**Assigned task:** Find the line containing "МГК им. П.И.". Retype it and every later line of the records exactly, leaving out pictures.

**Input for this task:**
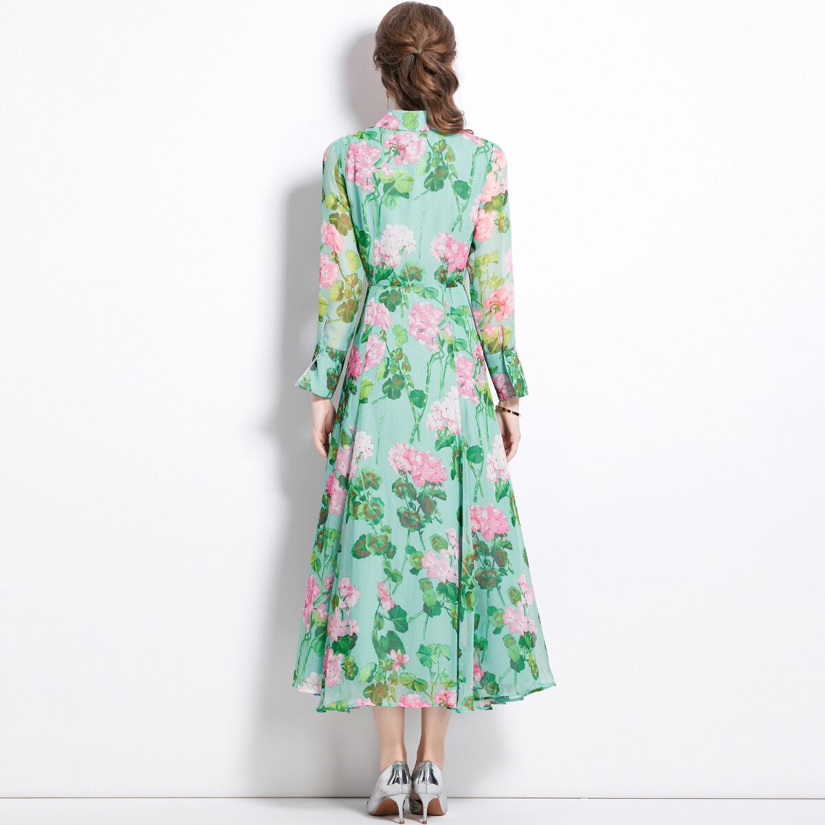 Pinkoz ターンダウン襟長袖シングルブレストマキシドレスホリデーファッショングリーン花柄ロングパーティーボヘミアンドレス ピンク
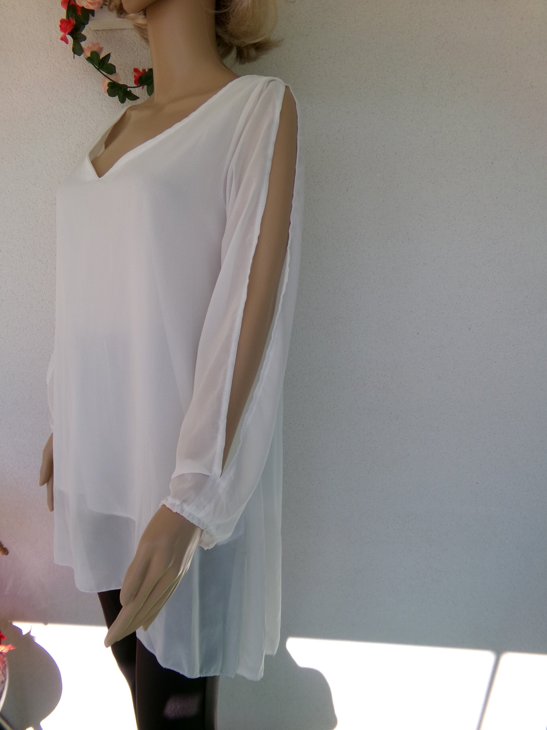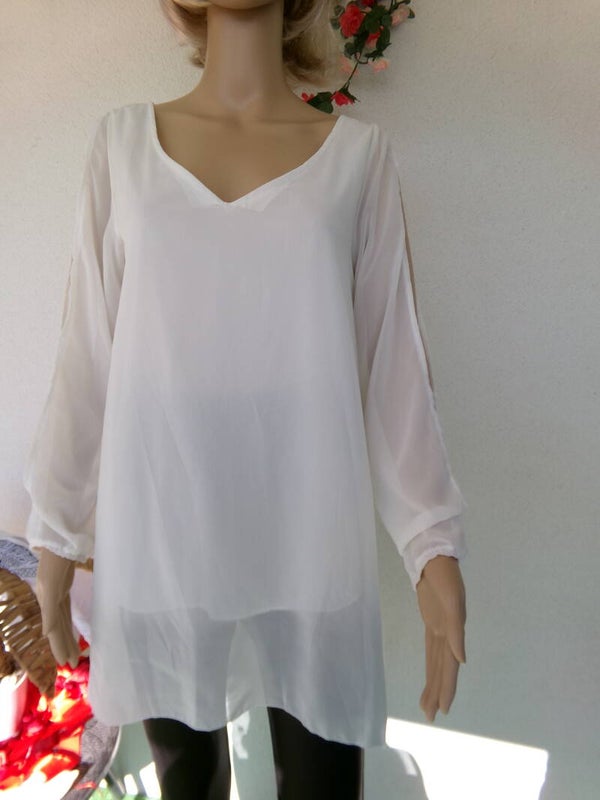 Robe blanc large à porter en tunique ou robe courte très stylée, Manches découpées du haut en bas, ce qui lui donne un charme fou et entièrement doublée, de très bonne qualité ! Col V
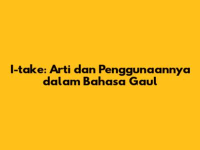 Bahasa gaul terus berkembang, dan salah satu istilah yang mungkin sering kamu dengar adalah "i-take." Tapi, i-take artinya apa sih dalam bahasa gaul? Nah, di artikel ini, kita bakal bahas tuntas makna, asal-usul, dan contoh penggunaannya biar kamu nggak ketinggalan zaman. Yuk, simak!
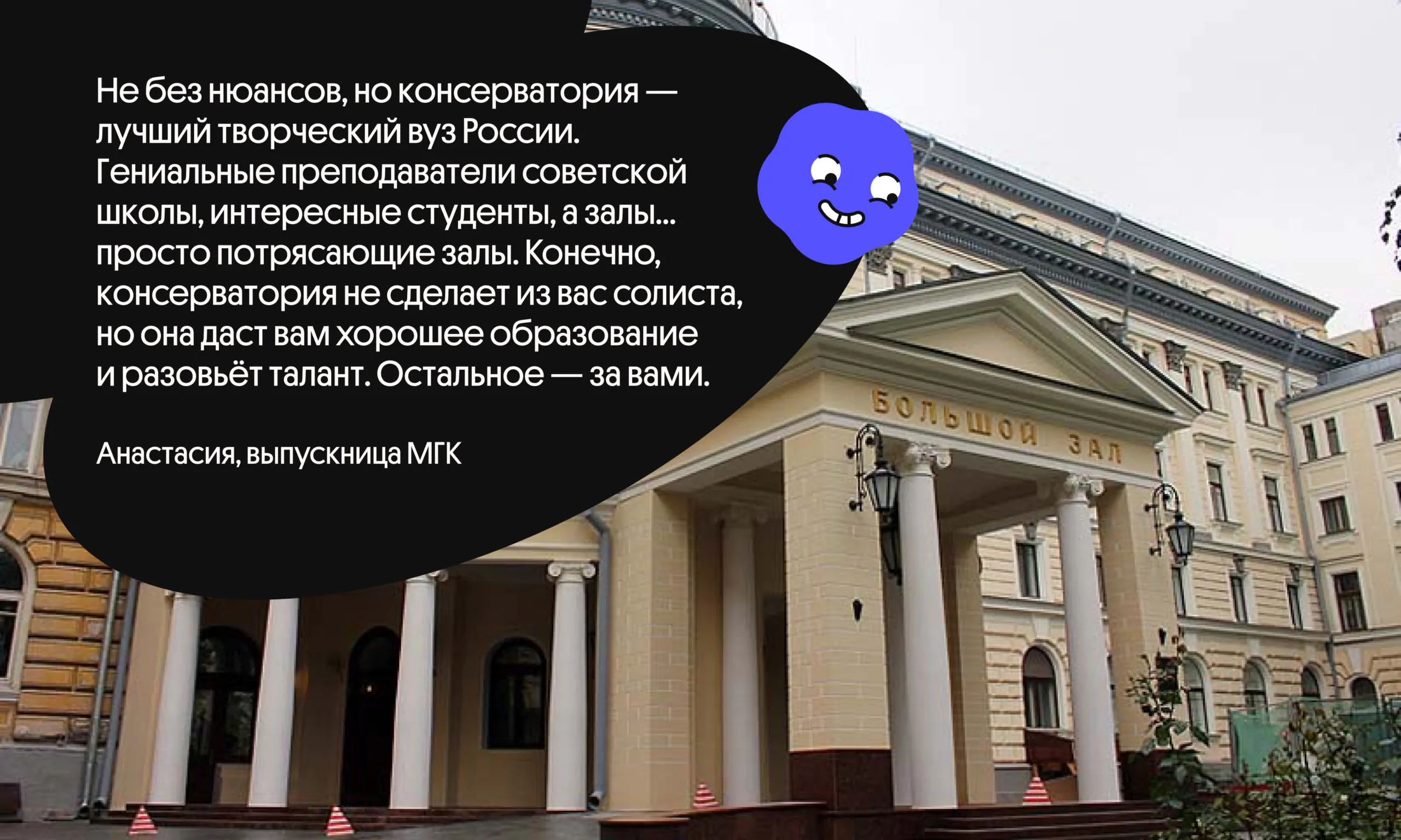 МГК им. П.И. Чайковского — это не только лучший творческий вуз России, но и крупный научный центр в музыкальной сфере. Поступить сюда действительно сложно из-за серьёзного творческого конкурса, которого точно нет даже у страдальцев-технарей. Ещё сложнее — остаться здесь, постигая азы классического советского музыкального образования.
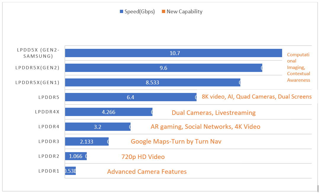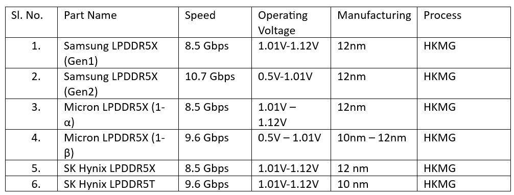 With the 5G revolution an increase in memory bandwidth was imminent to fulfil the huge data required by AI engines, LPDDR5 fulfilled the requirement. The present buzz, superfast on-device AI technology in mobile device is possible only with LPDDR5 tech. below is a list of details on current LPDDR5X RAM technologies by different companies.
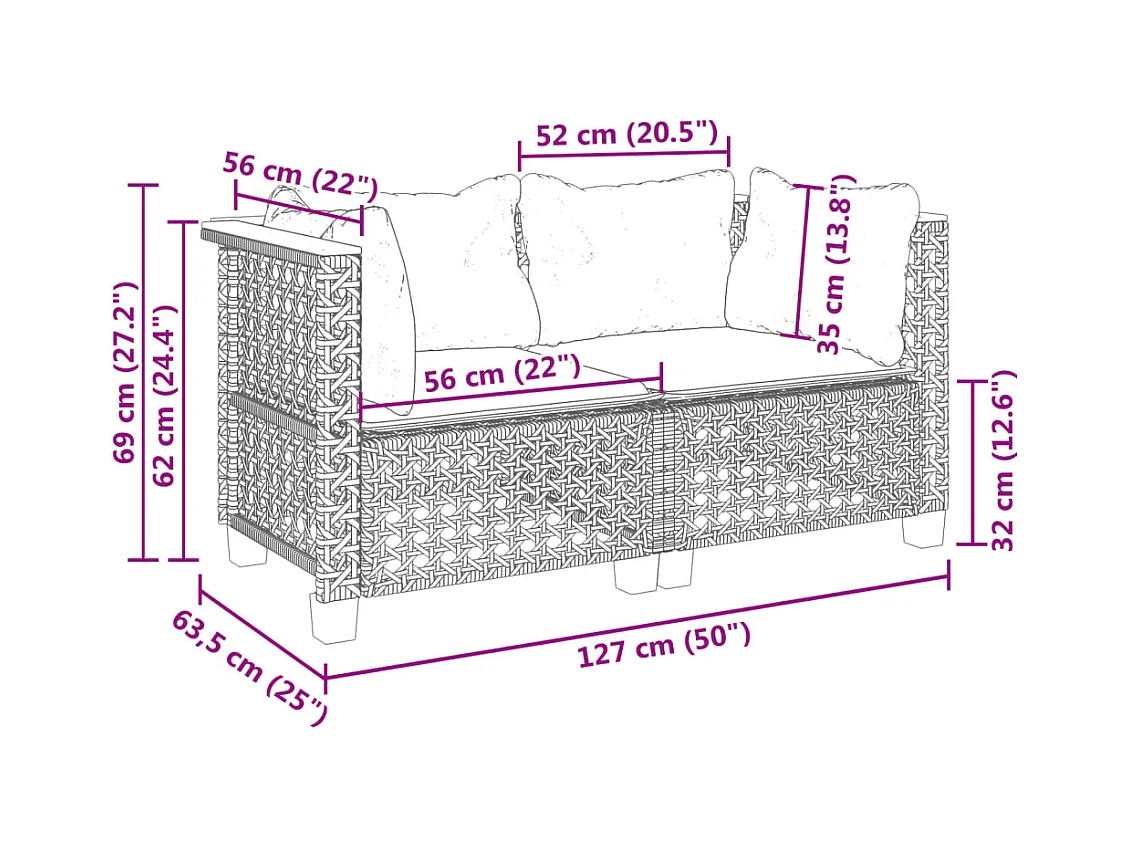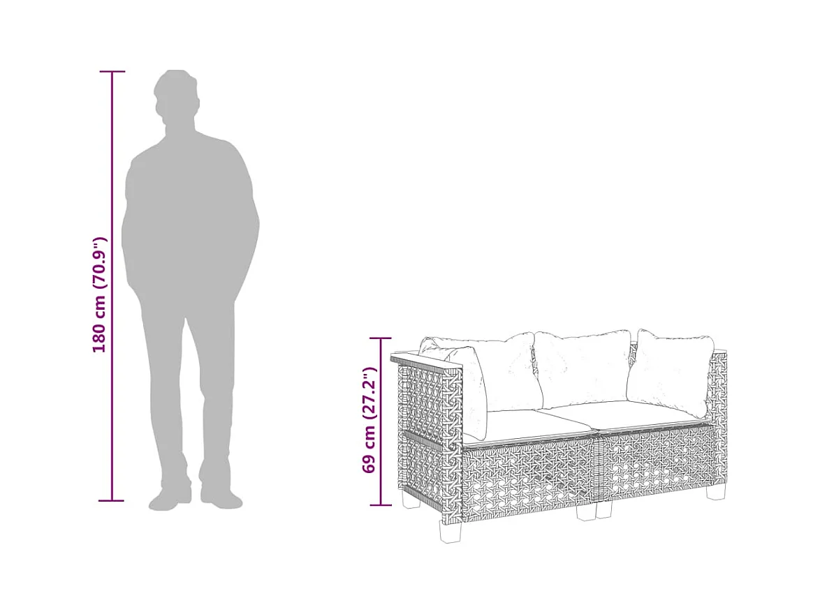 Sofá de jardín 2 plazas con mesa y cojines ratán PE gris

**Output below:**
 МГК им. П.И. Чайковского — это не только лучший творческий вуз России, но и крупный научный центр в музыкальной сфере. Поступить сюда действительно сложно из-за серьёзного творческого конкурса, которого точно нет даже у страдальцев-технарей. Ещё сложнее — остаться здесь, постигая азы классического советского музыкального образования.
 With the 5G revolution an increase in memory bandwidth was imminent to fulfil the huge data required by AI engines, LPDDR5 fulfilled the requirement. The present buzz, superfast on-device AI technology in mobile device is possible only with LPDDR5 tech. below is a list of details on current LPDDR5X RAM technologies by different companies.
 Sofá de jardín 2 plazas con mesa y cojines ratán PE gris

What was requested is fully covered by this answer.